Genet 105, 763–772 (2019).
0.36
Borrell, L. N. et al Race and Genetic Ancestry in Medicine - A Time for Reckoning with Racism.
Borrell, L. N. et al Race and Genetic Ancestry in Medicine - A Time for Reckoning with Racism 訳抜け防止モード: Borrell, L. N. et al Race and Genetic Ancestry in Medicine - レイシズムによるリコンディングの時間。
0.73
Obstet. Gynecol.
わいせつだ Gynecol
0.25
Surv. 76, 395–397 (2021).
サーヴ。 76, 395–397 (2021).
0.46
29. Hua, T. et al On Feature Decorrelation in Self-Supervised Learning.
29. hua, t. et al 自己教師付き学習における特徴非相関について
0.63
9598–9608 (2021).
9598–9608 (2021).
0.44
30. Zbontar, J., Jing, L., Misra, I., LeCun, Y. & Deny, S. Barlow Twins: Self-Supervised Learning via Redundancy Reduction.
30. Zbontar, J., Jing, L., Misra, I., LeCun, Y. & Deny, S. Barlow Twins: Self-Supervised Learning via Redundancy Reduction 訳抜け防止モード: 30. Zbontar, J., Jing, L., Misra, I. LeCun, Y. & Deny, S. Barlow Twins : Self - 冗長化による教師付き学習
0.65
(2021). Auton, A. et al A global reference for human genetic variation.
(2021). Auton, A. et al ヒトの遺伝的変異のグローバル参照。
0.65
Nature 526, 68–74 (2015).
526, 68-74 (2015)。
0.66
Khosla, P. et al Supervised contrastive learning.
khosla, p. et alは対照的な学習を監督した。
0.46
Adv. Neural Inf.
adv。 神経障害。
0.48
Process. Syst.
プロセス。 シスト。
0.68
2020Decem, 1–23 (2020).
2020年、第123回(2020年)。
0.57
31. 32. 33.
31. 32. 33.
0.43
Duchesnay, F. P. and G. V. and A. G. and V. M. and B. T. and O. G. and M. B. and P. P. and
Duchesnay, F. P. and G. V. and A. G. and V. M. and B. T. and O. G. and M. B. and P. P. 訳抜け防止モード: Duchesnay, F. P. and G. V. and A. G. and V. M. そして、B.T.、O.G.、M.B.、P.P.
0.66
34. 35. 36.
34. 35. 36.
0.43
R. W. and V. D. and J. V. and A. P. and D. C. Scikit-learn: Machine Learning in Python.

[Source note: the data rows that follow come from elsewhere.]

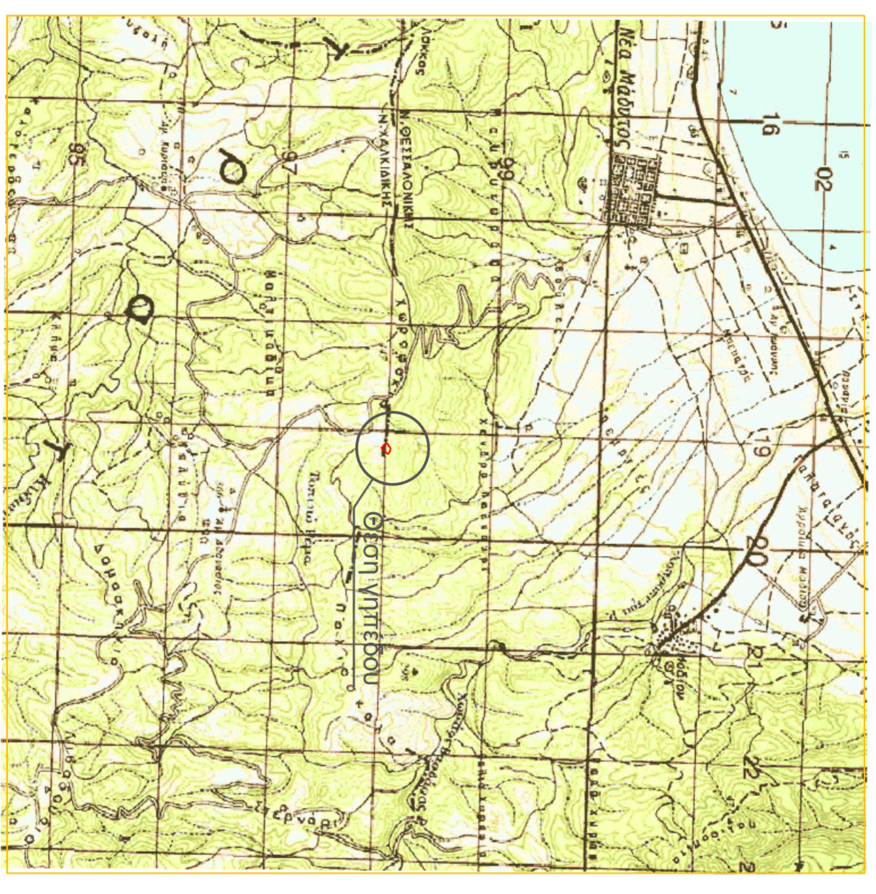
ΑΠΟΣΤΑΣΜΑ ΑΠΟ ΧΑΡΤΗ Γ.Υ.Σ., ΚΛ.: 1:50.000 Φ.Ε.Χ. ΣΤΑΒΟΥ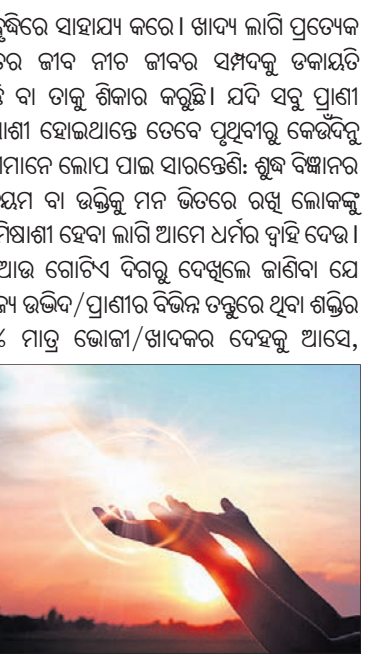
ପରିବେଶରୁ ସବୁ ଜିନିଷ ମିଳିପାରୁଛି ତେବେ ଶରୀର କାହିଁକି ଖଟିବ ବା ସବୁ ଜିନିଷ ତିଆରି କରିବାର ଯନ୍ତ୍ରପାତି (ଏନ୍‌ଜାଇମ୍) କାହିଁକି ବୋହିବ? ବିଶେଷ ଉଦ୍ଦେଶ୍ୟରେ ଓ ସୁସ୍ୱଚ୍ଚର କାମ ପାଇଁ କୋଷଗୁଡ଼ିକ ଶକ୍ତି ଓ ଗ୍ଲୁକୋଜ୍ ଯୋଗାଇ ପାରିଛି ବୋଲି ତ ମସ୍ତିଷ୍କର ବୃଦ୍ଧି ହୋଇଛି। ସେ ତା'ର ବିଶ୍ୱାସକୁ ବ୍ୟାବହାରିକ କୌଶଳ ବା କାର୍ଯ୍ୟ ବିଦ୍ୟାରେ ଲଗାଇଛି, ଦର୍ଶନ ଓ ବିଜ୍ଞାନରେ ମଜ୍ଜି ଯିବାକୁ ସମୟ ପାଉଛି।

କାରଣ, କିନ୍ତୁ ବିଜ୍ଞାନ ଦୃଷ୍ଟିରୁ ବୁଝିପାନ୍ତର କାମ। ଯଦି ପରିବେଶରୁ ସବୁ ଜିନିଷ ମିଳିପାରୁଛି ତେବେ ଶରୀର କାହିଁକି ଖଟିବ ବା ସବୁ ଜିନିଷ ତିଆରି କରିବାର ଯନ୍ତ୍ରପାତି (ଏନ୍‌ଜାଇମ୍) କାହିଁକି ବୋହିବ? ବିଶେଷ ଉଦ୍ଦେଶ୍ୟରେ ଓ ସୁସ୍ୱଚ୍ଚର କାମ ପାଇଁ କୋଷଗୁଡ଼ିକ ଶକ୍ତି ଓ ଗ୍ଲୁକୋଜ୍ ଯୋଗାଇ ପାରିଛି ବୋଲି ତ ମସ୍ତିଷ୍କର ବୃଦ୍ଧି ହୋଇଛି। ସେ ତା'ର ବିଶ୍ୱାସକୁ ବ୍ୟାବହାରିକ କୌଶଳ ବା କାର୍ଯ୍ୟ ବିଦ୍ୟାରେ ଲଗାଇଛି, ଦର୍ଶନ ଓ ବିଜ୍ଞାନରେ ମଜ୍ଜି ଯିବାକୁ ସମୟ ପାଉଛି। ଶରୀରର କୋଷଗୁଡ଼ିକ ଆପେ ଆପେ ଖାଦ୍ୟ ସଂଗ୍ରହ କରିନିଅନ୍ତେ ତ ମଣିଷ ଏକ 'ଜ୍ଞାନ ଅସୁତ୍ର', ସେନ୍‌ସିବିଲ୍ ବିକଳ, ହୋଇଯାଆନ୍ତା, ଆମର ଉପସ୍ଥିତ ଭାଷାରେ ଦେବତା ହୋଇଯାନ୍ତା। ମଣିଷ ଆଜିଯାଏ ଯାହା ହୋଇଅଛି ସେସବୁ ବିକଳନର ଫଳ, ବିଚରଣ ନିୟମକୁ ନିୟନ୍ତ୍ରଣ କରୁଥିବା ଶକ୍ତିକୁ ଆମେ ଭଗବାନ କହିଲେ ସେ ନିୟନ୍ତ୍ରଣକୁ ମାନିବାକୁ ଭକ୍ତି କହିବା। ତେଣୁ ଭଲ ଜୀବନ ପାଇଁ ପରିବେଶ ସୃଷ୍ଟି କରିବା ଓ ଭଲ ରହିବା ନିଜର କ୍ରିୟାଧୀନ, ତାହା ହିଁ ଆମର ଉପସ୍ଥିତ ଭାଷାରେ ଭଗବାନଙ୍କୁ ପ୍ରାର୍ଥନା। ମୂର୍ଚ୍ଛିତ୍ୟ ରହି ତା' ଆଗରେ ରୂପି ଶ୍ଳୋକ ଉକାରଣ କରିବା ସମ୍ପୂର୍ଣ୍ଣ ମଣିଷର ଜୀବନକୁ ସାମୟିକ ଭାବେ ସରସ ଆଉ ସୁଖୀ କରିପାରେ, କିନ୍ତୁ ମଣିଷ ସମାଜକୁ ଉନ୍ନତ କରେ ନାହିଁ। ଏକକୋଷୀ ଜୀବ ବହୁକୋଷୀ ହେବାର ଅବସର ଆସିଲା ଯେତେବେଳେ ଗୋଟିଏ କୋଷ ଆଉ ଏକ କୋଷକୁ ତା' ଅନ୍ତର୍ଗତ ଭଳି କରି ରଖିପାରନ୍ତି। ଏକକୁ ବହୁକୋଷୀ ହୋଇ ଉଦ୍ଭିଦ ଓ ପ୍ରାଣୀ ହେଲେ। ଉଦ୍ଭିଦ ଜଗତରେ ପରାଜ୍ଞତାପୂର୍ଣ୍ଣ ଓ ପ୍ରାଣୀ ଜଗତରେ ମାଂସାଣୀ ଆରମ୍ଭ ହେଲେ। ଭୋକ୍ୟ ଦେହରେ ଥିବା ଜୈବିକ ଉପାଦାନଗୁଡ଼ିକ ଉଚ୍ଚତର ପ୍ରାଣୀର ରେଡିଫେକ୍ ଖାଦ୍ୟ ହୋଇଗଲା। ପ୍ରକୃତିର ଫାଷ୍ଟ ଫୁଲ୍। ଭୋକାର ଅନ୍ଧ ବା ଅନ୍ଧର ପହଞ୍ଚିଲା ଯାଣି ଭୋକ୍ୟ ଜୀବର ବୁଦ୍ଧିର ବୁଦ୍ଧିର ଅଞ୍ଚ ଓ ରସ (ମଣିଷର ଭାଷାରେ ମାଂସ ଓ ରକ୍ତ) ଆଦିକୁ ଅନୁଗୁଡ଼ିକ ଏନ୍‌ଜାଇମ୍-କ୍ରିୟା ଦ୍ୱାରା ବୁଝିପାରି ହୋଇ ଉଚ୍ଚତର ଜୀବର ଦେହରେ ମିଶେ। ଏଭଳି ପ୍ରସିଦ୍ଧି ବା ପ୍ରକ୍ରିୟାକରଣ, ଯାହାକୁ ଆମେ ହଜମ କ୍ରିୟା (ଡାଇଜେସ୍‌ଟ) କହୁଛୁ, ଜୀବର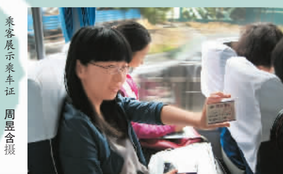
乘客展示乘车证

R. W. and V. D. and J. V. and A. P. and D. C. Scikit-learn: Machine Learning in Python
0.39
J. Mach. Learn. Res. 12, 2825–2830 (2011).
j・マッハ 学ぶ。 第12巻2825-2830頁(2011年)。
0.56
Paszke, A. et al PyTorch: An Imperative Style, High-Performance Deep Learning Library.
Paszke, A. et al PyTorch: 命令型スタイル、高性能ディープラーニングライブラリ。
0.76
Adv. Neural Inf.
adv。 神経障害。
0.48
Process. Syst.
プロセス。 シスト。
0.68
32 8024–8035 (2019).
32 8024–8035 (2019).
0.46
Kingma, D. P. & Ba, J. Adam: A Method for Stochastic Optimization.
kingma, d. p. & ba, j. adam: 確率最適化の方法。
0.77
(2014) doi:10.1063/1.490245 8.
(2014) doi:10.1063/1.490245 8。
0.24
Shen, J., Qu, Y., Zhang, W. & Yu, Y. Wasserstein distance guided representation learning for domain adaptation.
Shen, J., Qu, Y., Zhang, W. & Yu, Y. Wasserstein distanceはドメイン適応のための表現学習を指導した。
0.79
32nd AAAI Conf.
第32回aaaiコンファレンス。
0.49
Artif. Intell.
アーティフ インテリ。
0.49
AAAI 2018 4058–4065 (2018).
AAAI 2018 4058-4065 (2018)。
0.80
Acknowledgements Funding: This work is supported by NIH/NIA award AG066206 (ZH).
認定基金:NIH/NIAアワードAG066206(ZH)が支援している。
0.64
Author Contributions P.K.G, J.Z, and Z.H. developed the concepts for the manuscript and proposed the method.
著者のP.K.G、J.Z、Z.H.は原稿の概念を開発し、その方法を提案した。
0.54
P.K.G, Y.L.G, X.L., J.Z, and Z.H. designed the analyses and applications and discussed the results.
Competing interests: The authors declare no competing interests.
競合する利益:著者は競合する利益を宣言しない。
0.67
Data and materials availability: The dataset used in this paper i.e., the Alzheimer’s Disease Sequencing Project (ADSP) and the UK Biobank (UKB) are publicly available data cohorts.
The top row represents architecture for Disentangling autoencoder (DisentglAE), the middle row represents architecture for supervised Neural Network (NN), and the bottom row represents Adversarial learning (Adv).
For all the networks except Adv Critic (bottom row, right), the genotype data is presented to the network as the first input data with dimension (input dim) of 3892 for the ADSP and 4967 for the UKB.
For Adv Critic, the input dimension is the output of the FC2 layer of Adv Backbone.
Adv Critic の場合、入力次元は Adv Backbone の FC2 層の出力である。
0.70
Linear Layer represents multilayer perceptron, and ReLU represents Rectified Linear Unit, a nonlinear activation function.
線形層は多層パーセプトロンを表し、ReLUは非線形活性化関数Rectified Linear Unitを表す。
0.87
For DisentglAE, 𝐳𝐝 dim and 𝐳𝐚 dim represents latent dimensions respectively for phenotype-specific representation and ancestry-specific representation.
DisentglAE では、zd dim と za dim はそれぞれ表現型特異的表現と祖先特異的表現の潜在次元を表す。